Ron Moore's Virtuality pilot was set aboard a sublight generation ship. There have been a couple of pilots (made or unmade) in the past few years with generation-ship settings, although in the case of Ascension it wasn't what it seemed. Go back to the '70s and you have the execrable The Starlost set on a generation ship whose inhabitants had forgotten their origins.


To me scifi is like Westerns with a different backdrop. An opportunity to drop exciting people into a lawless frontier, only with a focus on hypothetical settings and conflicts instead of known historical ones. It can work with or without aliens but aliens makes it more fun.

Of course that doesn't apply to hard scifi.

No reason it can't. Hard SF is just defined by how much it integrates or adheres to real scientific theory, not to the subject matter. It's certainly possible to do hard-SF frontier narratives; plenty of authors have done so.
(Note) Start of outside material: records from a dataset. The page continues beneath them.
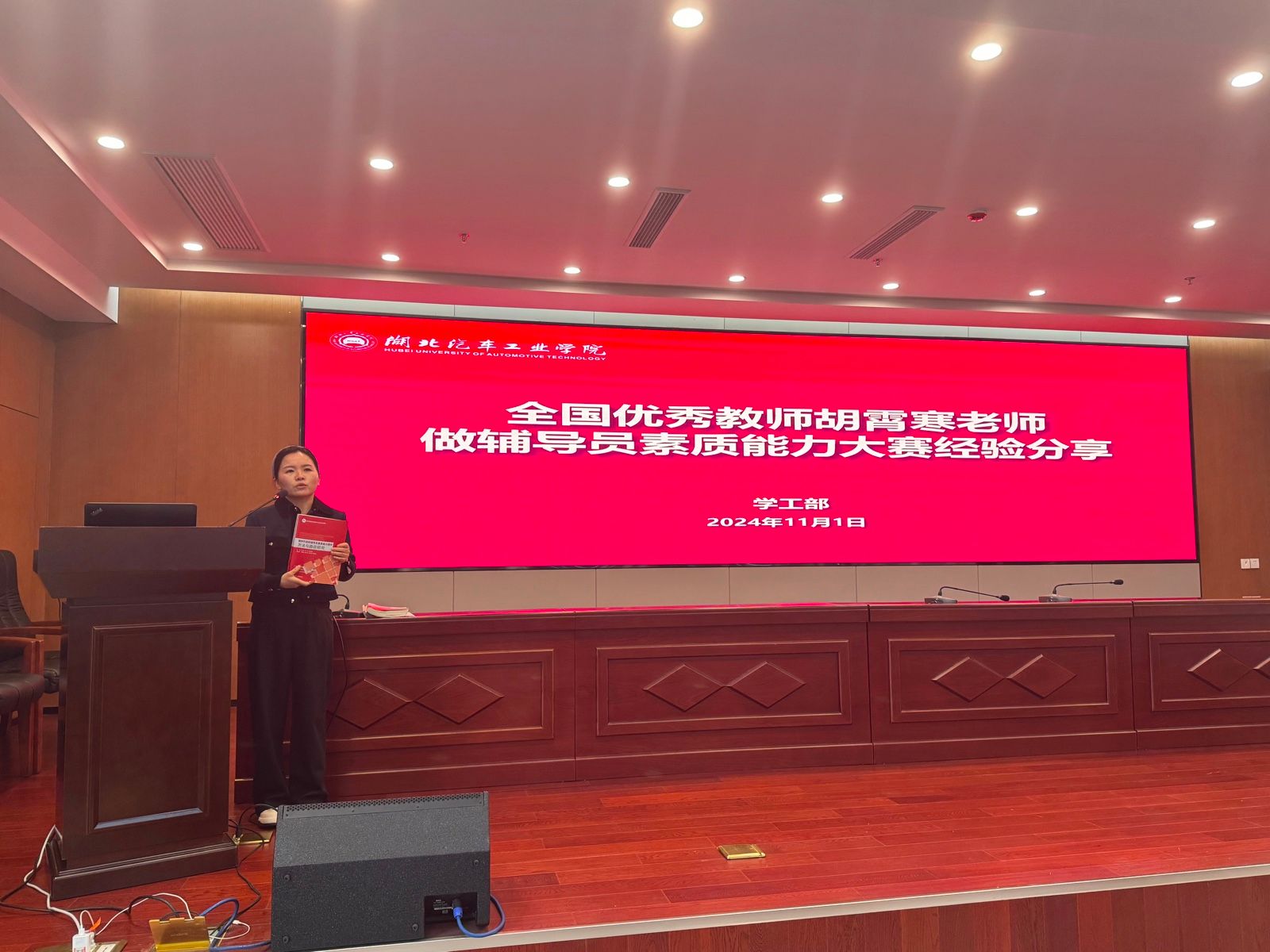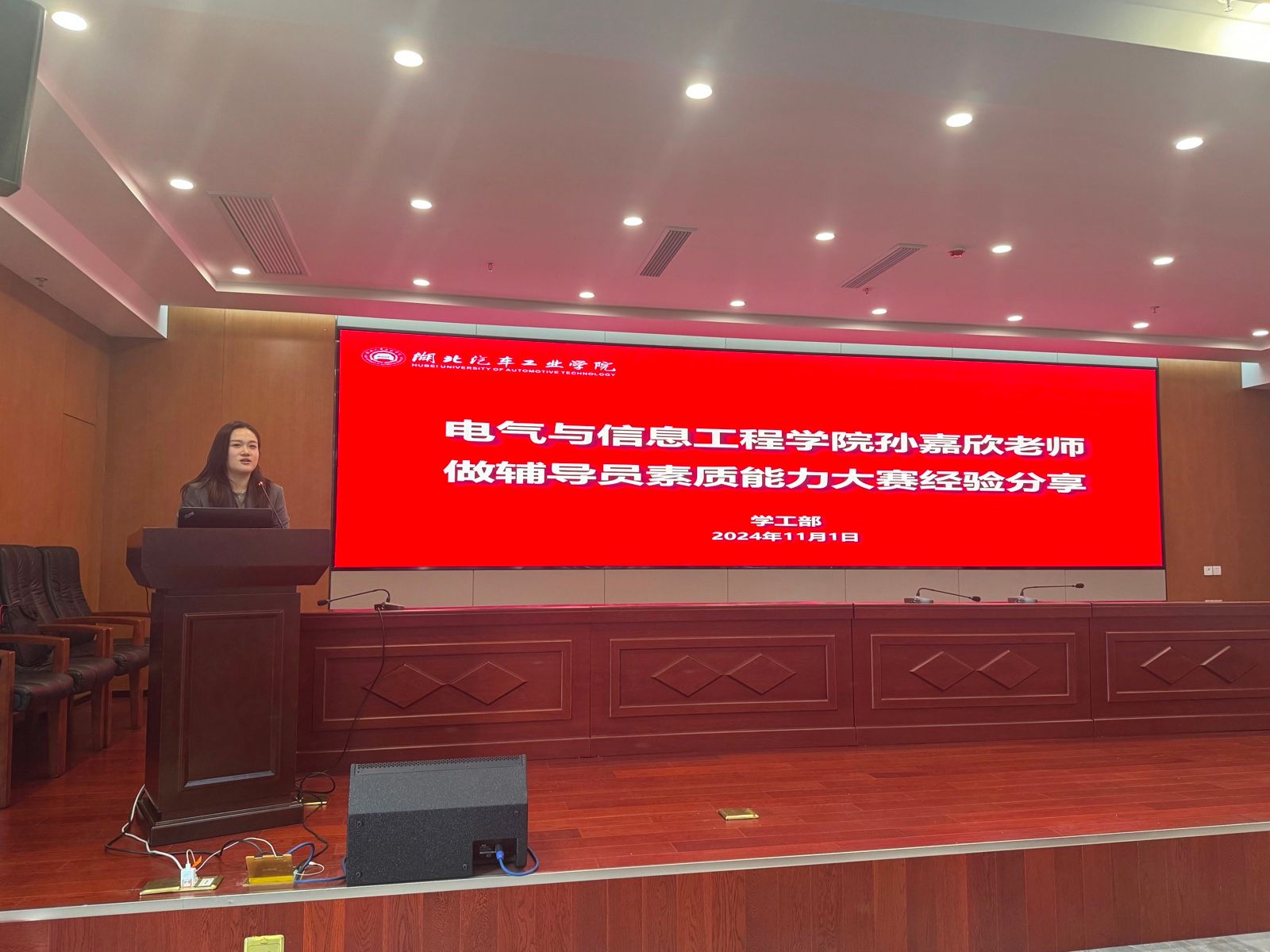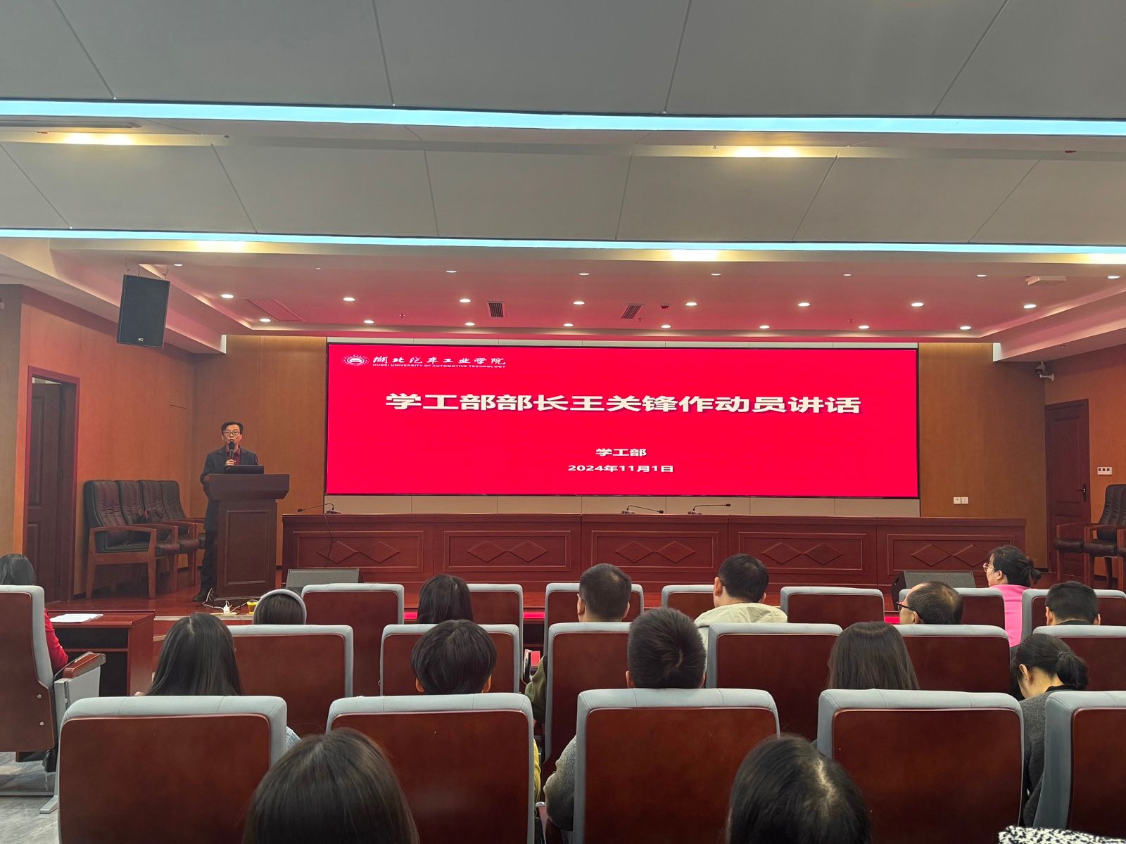 本网讯(文/图 徐鑫)11月1日上午,学校在产教大楼三楼报告厅召开2024年辅导员素质能力大赛校赛启动会,邀请2024年全国优秀教师胡霄寒、2023年学校辅导员素质能力大赛校赛一等奖获得者孙嘉欣做大赛经验分享。学工部部长王关锋及全体辅导员参会,会议由学工部副部长杜昕俊主持。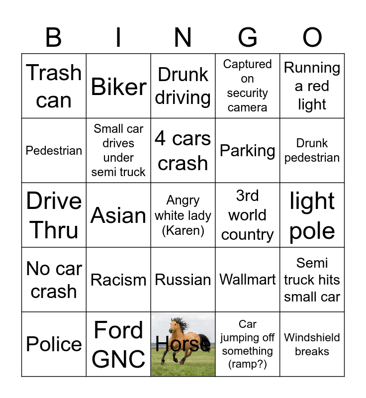 This bingo card has 1 images, a free space and 24 words: Racism, Ford GNC, 4 cars crash, Police, Running a red light, Trash can, Pedestrian, Biker, 3rd world country, Russian, Parking, Drive Thru, Wallmart, Semi truck hits small car, Small car drives under semi truck, Car jumping off something (ramp?), light pole, Drunk driving, Drunk pedestrian, Asian, Windshield breaks, No car crash, Captured on security camera and Horse.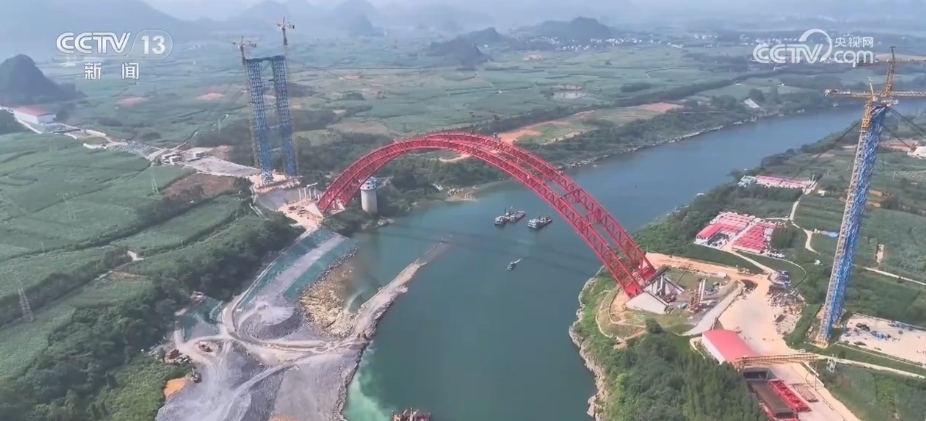 央視網消息:10月1日,廣西來賓西紅水河特大橋拱肋順利合龍,這標志著項目建設取得突破性進展,為下一步橋面鋪裝等工作打下堅實基礎。
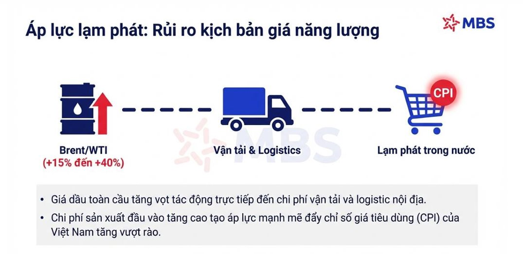 Bên cạnh bài toán vận tải và xuất khẩu, đà tăng của giá năng lượng đang tạo ra sức ép lạm phát chi phí đẩy lên toàn bộ nền kinh tế. Báo cáo đánh giá rủi ro vĩ mô của Chứng khoán MBS dự phóng kịch bản giá dầu thô Brent và WTI có thể ghi nhận mức tăng từ 15% đến 40%, đẩy mặt bằng giá vượt mốc 100 USD/thùng.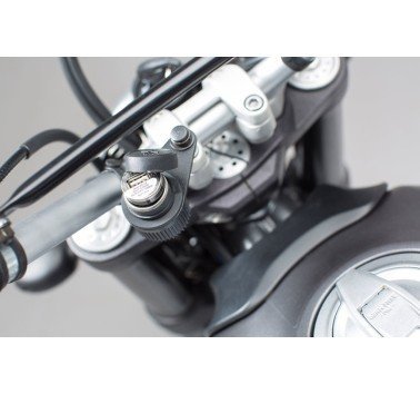 Kit eléctrico con amplio set de montaje para adaptarse a todas la posibilidades. La toma de alimentación puede instalarse directamente al manillar (de cualquier diámetro), sujetarse en los tornillos del manillar (gracias a los tornillos de rosca M8 y M10), base de espejos retrovisores y otras aplicaciones (por ejemplo insertada en plásticos de carenado).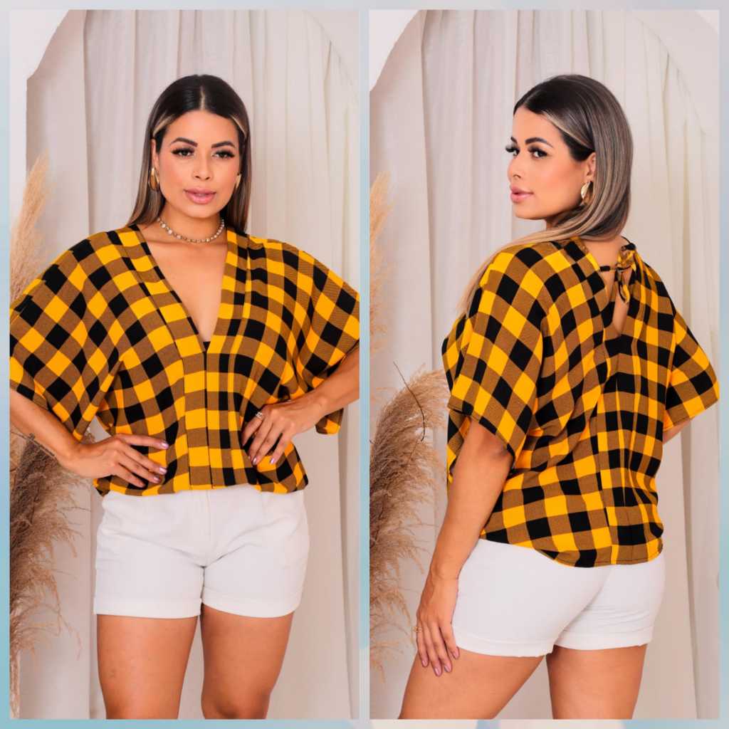 BLUSA XADREZ PLUS SIZE MANGA MORCEGO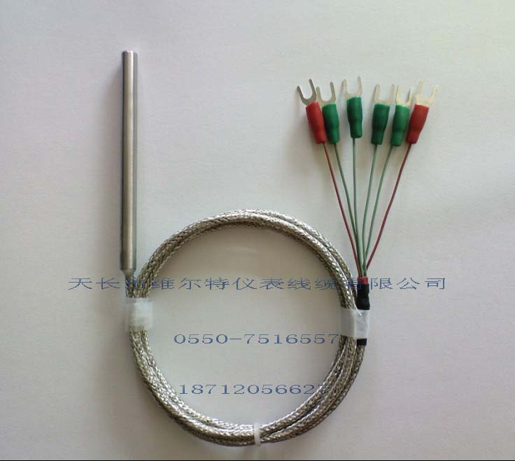 简易热电偶 简易直插式就是将感温元件套上保护管后直接引出导线。用户可根据使用使用的不同或测量空间的大小选择不同的分度号、套管尺寸和导线材料,温度200℃,温度300℃,温度400℃以下根据不同温场选型,订货时请注明。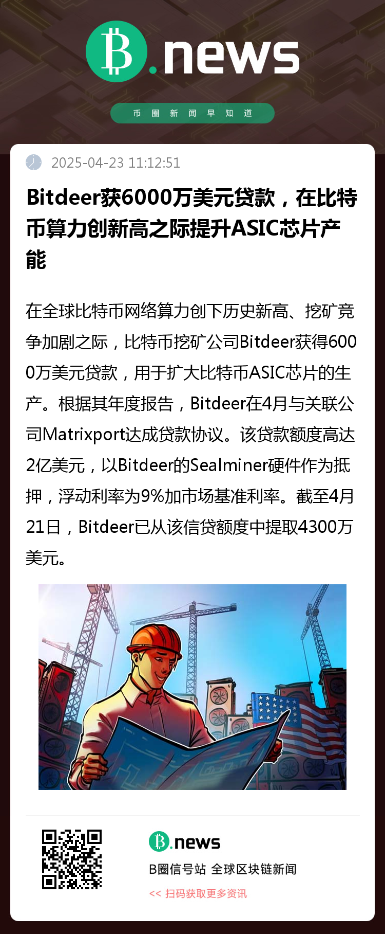 在全球比特币网络算力创下历史新高、挖矿竞争加剧之际,比特币挖矿公司Bitdeer获得6000万美元贷款,用于扩大比特币ASIC芯片的生产。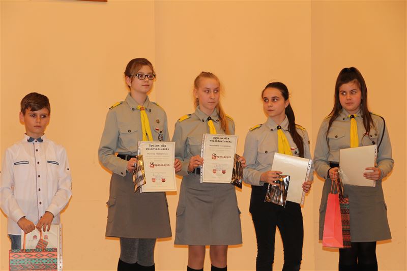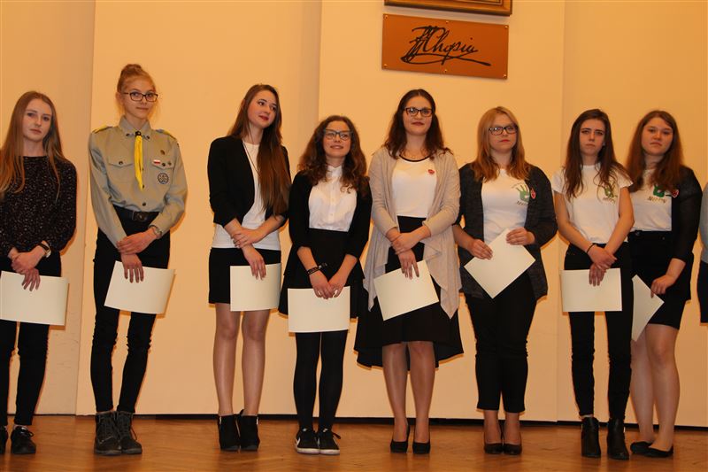 Jak podkreślał przewodniczący komisji konkursowej Albert Szułczyński, wybór najlepszych z najlepszych nie był łatwy, bo każdy z uczestników zaprezentował się bardzo dobrze, przedstawiając swoją działalność charytatywną. Zgłoszeni do konkursu wolontariusze zarówno indywidualnie, jak i w grupach aktywnie uczestniczą w życiu swojej klasy i szkoły, lokalnej społeczności, organizują i przeprowadzają różne akcje i zbiórki np. pieniędzy na rzecz chorych czy nakrętek, pomagają młodszym i słabszym w odrabianiu lekcji, działają w klubach wolontariackich, wspierają WOŚP czy Szlachetną Paczkę, odwiedzają osoby starsze, w tym pensjonariuszy Domu Pomocy Społecznej w Młodzieszynie, wspierają schroniska dla zwierząt, są harcerzami. - Ci młodzi ludzie, którzy wzięli udział w tegorocznej edycji powiatowego konkursu potrafią nie koncentrować się na sobie i na swoich sprawach, ale dostrzegać obok siebie człowieka potrzebującego. Jesteście wspaniali, udowodniliście to swoimi działaniami i życzę Wam, by ta postawa stała się Waszą życiową postawą. Bo według mnie wolontariat to wasz prywatny czas, który poświęcacie innym. Tu jest nie tylko 8 Wspaniałych – to Wy wszyscy jesteście tymi Wspaniałymi – mówiła m.in. Jolanta Gonta, starosta.

The far-flung human colonies thing can work, but it depends on the kinda story you're telling. It doesn't work for exploration-type stories, where your ship is going where no one has gone before (and yet keeps running into human colonies), unless you establish a prior wave of outward expansion generations earlier.

Or you can deal with the alienness of the colony worlds themselves, the dangers they pose. They could have hazardous indigenous life forms (e.g. Pitch Black, or The Dragonriders of Pern if you count the Thread), or their systems could have astronomical hazards like frequent stellar flares or orbital anomalies or a high rate of asteroid impacts, or the planetary chemistry could prove to pose an unforeseen medical risk to the colonists (e.g. some kind of metallic or chemical poison that could affect brain chemistry or suppress fertility), or they could have ancient alien ruins that present some kind of danger.

And of course humans are often the aliens ourselves. Most SF stories of human-alien interaction are just allegories for human cultural clashes anyway. Colonies often tend to be settled by groups that rebel against the values and culture of their homeland, groups that want to build their own novel, utopian societies on the frontier; and the isolation of colonial living can cause societies to develop in odd ways. This is the angle I took in Only Superhuman, as you'll recall, Greg -- an Asteroid Belt civilization where many of the habitats were populated by radical fringe groups that had either voluntarily left Earth or been exiled due to their violent tendencies, and so you had quite a lot of weird, exotic, often dangerous subcultures to visit just within our Solar System alone.

Even within a single ongoing wave of colonial expansion, if it's a century or two old as it is in TOS/TNG, a lot of those early colonies would be pretty isolated for years or decades at a time and could go off in weird directions by the time civilization catches up with them. If it's in a universe without FTL travel or communication, that's even more of a given. There have been a fair number of SF stories about space travelers revisiting isolated colonies and running afoul of their odd cultural values or extremism. Heck, even outside of frontier narratives, there are a lot of works of fiction about city folk running afoul of the weird customs of isolated rural communities, from Deliverance to Hot Fuzz to countless TV episodes about the heroes getting caught in rural speed traps and impressed as slave labor for the corrupt local lawmen.
 
Regarding comments by Greg Cox, a prior wave of colonization may actually be Transplanted Humans.

(I have been having trouble posting a link for the TV Tropes article).

To summarize, spacefaring aliens had transported humans from Earth to a class M planet. Establishing a human colony on that planet.

These colonies may be remnants of ancient cultures that no longer exist on Earth.